Pengadilan atau otoritas hukum yang relevan akan perlu memeriksa bukti-
bukti yang tersedia, termasuk catatan kepemilikan tanah, dokumen-dokumen
historis, serta bukti pembayaran pajak untuk memutuskan klaim kepemilikan
tanah ini. Proses hukum akan melibatkan analisis yang cermat terhadap hukum
pertanahan, regulasi pajak properti, serta bukti-bukti konkret yang dapat
mendukung klaim dari kedua pihak yang bersengketa.
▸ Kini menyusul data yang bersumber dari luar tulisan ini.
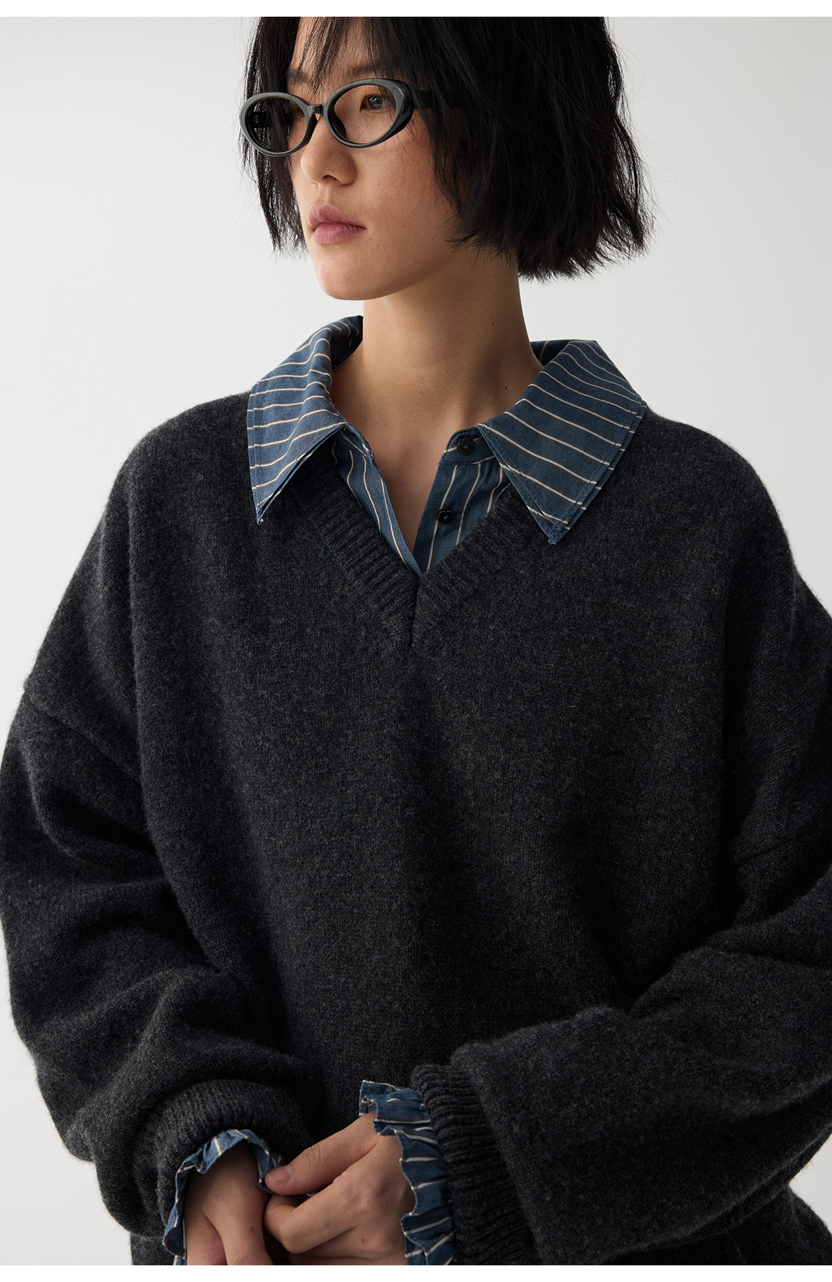 Haverice Restaurant Nishino свитер с классическим V-образным вырезом, свободный, вязаный, для женщин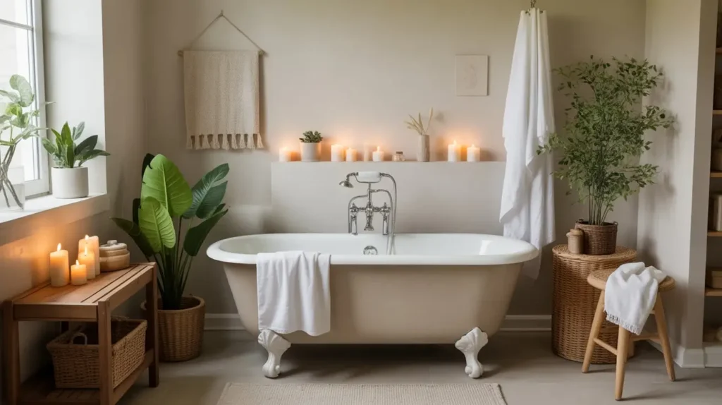 The spa experience extends beyond aesthetics. Consider adding a small sound system for ambient music, aromatherapy diffusers, and high-quality bath products. Store everyday items out of sight so the space feels like an escape rather than a utility room.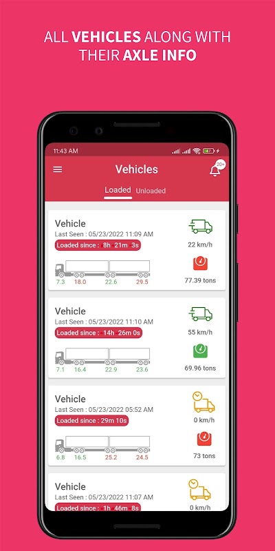 - Zeigt alle Ihre Fahrzeuge Standort und Gewicht in Echtzeit an.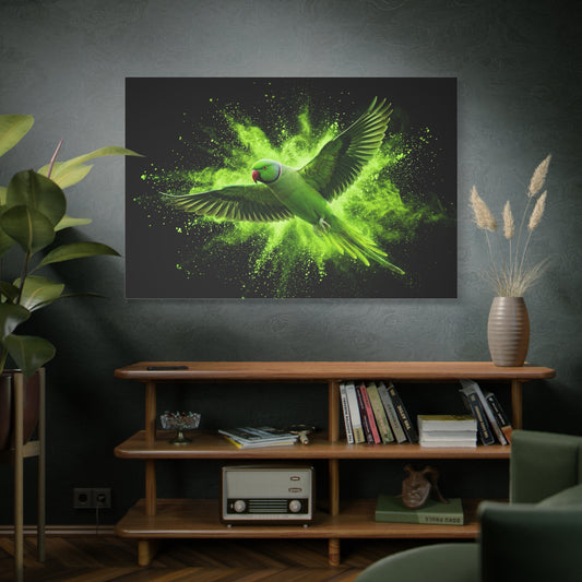Neon Green Parrot Burst – Dynamic Abstract Wildlife Canvas Wall Art
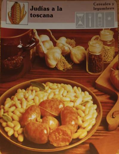 Las judías (preferiblemente de las llamadas «de riñón», suaves y cremosas) habrán estado en remojo unas horas antes de hacer el guiso. Se ponen en una cacerola cubiertas de agua fría y se dejan cocer suavemente hasta que estén tiernas.
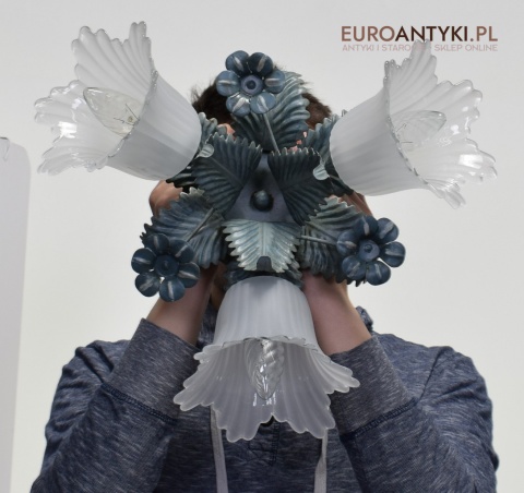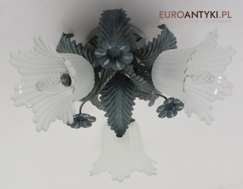 DUŻY! XL! Klasyczny rustykalny plafon z kloszami florystycznymi.

Teori yang kami kaitkan yaitu tentang teori hak legalitas yang
menyebutkan bahwa hak milik yang diakui secara resmi dalam sistem hukum
negara. Konflik lahan terutama muncul ketika klaim hak milik yang sah
terhadap tanah bertentangan satu sama lain. Penyelesaiannya melibatkan
interpretasi dan penerapan hukum properti yang berlaku. Kalau dikaitkan dari
teori tersebut bahwa legalitas dari kedua belah pihak sama-sama kuat karena
dari pihak keluarga Alm. Mbah Kurmen telah mensertifikatkan tanahnya atas
nama yayasan Ma’hadul Muta’allimin sedangkan dari pihak keluarga Alm.
Mbah Khamid mengklaim bahwa tanah lapangan tersebut masih merupakan
milik keluarganya berdasarkan informasi di SPPT (Surat Pemberitahuan Pajak
Terhutang) yang mengindikasikan kepemilikan tanah oleh Mbah Mukti.
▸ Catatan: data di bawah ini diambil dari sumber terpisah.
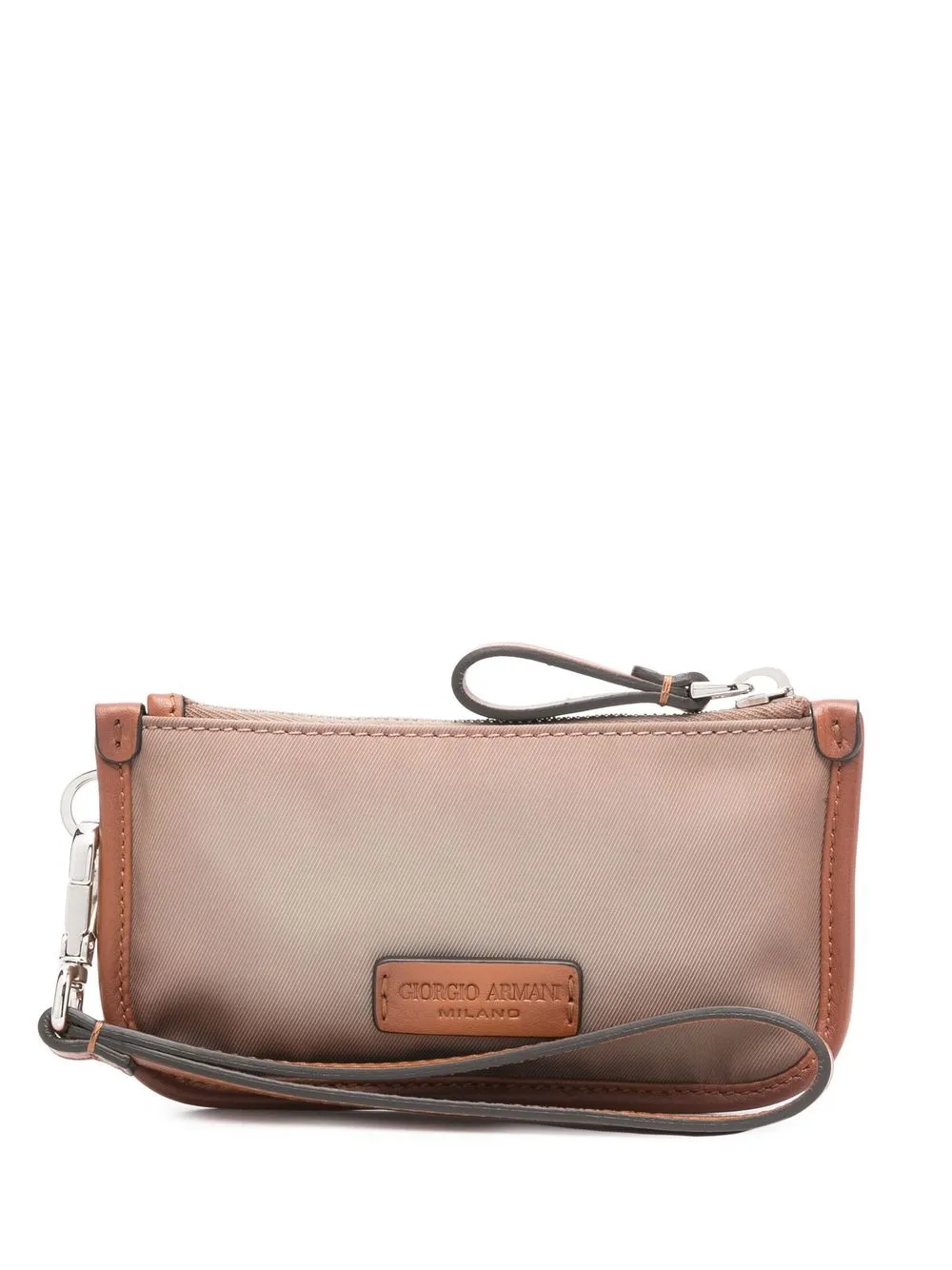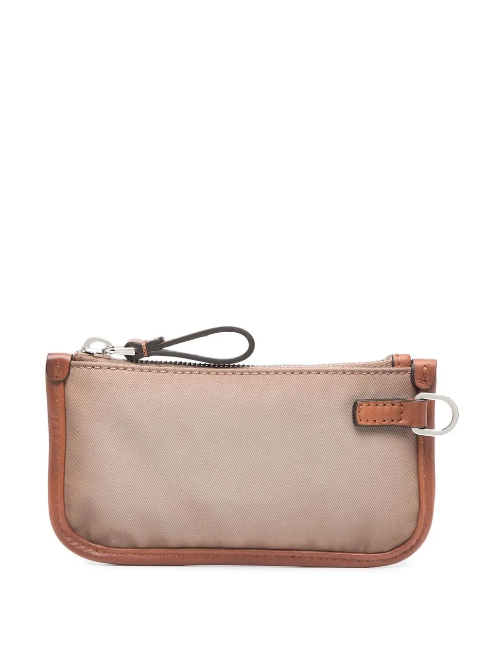 Marrón, ribete de cuero, parche del logo en la parte delantera, cierre con cremallera en el tope, correa de muñeca removible y bolsillo interno.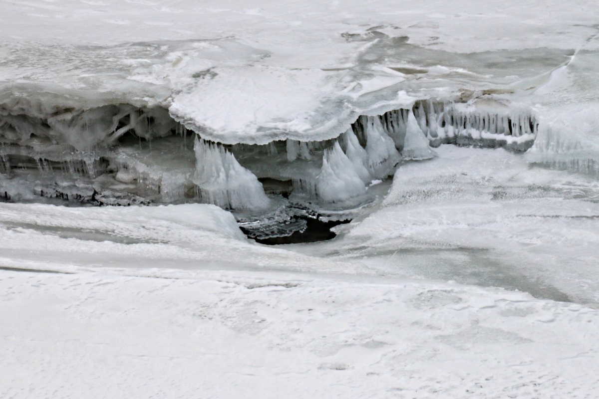 The first part of the route is on the Bow River Trail to Surprise Corner Viewpoint high above Bow Falls. Initially a surfaced footpath passing large expensive riverside houses, the trail soon leaves the built-up area, climbing steps to go along the road but with cleats over my boots I preferred to walk along the edge of the cliff looking down on the fractured ice as the flow accelerates towards the falls. The river had frozen earlier in the winter but when it warmed up to just a few degrees below zero, the ice had collapsed as the water level dropped, refreezing as temperatures dropped again.

Dari kasus diatas penyelesainnya dengan cara kekeluargaan atau dengan


cara negosiasi antara pihak keluarga Alm. Mbah Kurmen dengan keluarga Alm.
Mbah Khamid yaitu Mbah Mukti sekeluarga, menurut kami penyelesaian
tersebut bisa dikaitkan dengan teori kepentingan yang berfokus pada memenuhi
yang mendasari setiap pihak dalam sengketa lahan, bukan hanya sekedar
kepentingan satu pihak akan tetapi kedua belah pihak, teori win-win yaitu teori
yang sama-sama untung kedua belah pihak, teori keberlanjutan yang pentinya
mempertimbangkan danpak jangka panjang terhadap lingkungan dan
masyarakat sekitar.

Kesimpulan
Kasus sengketa tanah yang kompleks antara keluarga Alm. Mbah Kurmen
dan keluarga Alm. Mbah Khamid (Mbah Mukti sekeluarga) mencerminkan
tantangan yang dihadapi dalam menentukan kepemilikan tanah dalam konteks
hukum pertanahan yang berlaku. Dua belah pihak memiliki argumen yang kuat
untuk klaim mereka atas tanah lapangan yang berharga ini. Namun,
penyelesaian yang menguntungkan kedua belah pihak dalam konteks ini dapat
menjadi landasan penting untuk mencapai solusi yang berkelanjutan.

Dalam rangka penyelesaian, pendekatan kekeluargaan atau negosiasi


menjadi alternatif yang bijaksana. Mempertimbangkan teori-teori seperti
kepentingan bersama, keseimbangan keuntungan, dan keberlanjutan adalah
langkah yang dapat membantu dalam mencapai penyelesaian yang adil dan
berkelanjutan dalam sengketa ini. Hasil akhirnya harus menghormati hak-hak
sah kedua belah pihak, mempertimbangkan hukum yang berlaku, serta
mengakui pentingnya tanah lapangan tersebut dalam konteks masyarakat dan
lingkungan sekitarnya. Dalam penyelesaian sengketa seperti ini, menjaga
komunikasi terbuka dan semangat kolaborasi antara keluarga Mbah Kurmen dan
keluarga Mbah Mukti dapat membantu mencapai solusi yang menguntungkan
semua pihak, sambil memastikan keberlanjutan pemanfaatan tanah yang
bernilai tersebut untuk kepentingan semua pihak yang terlibat.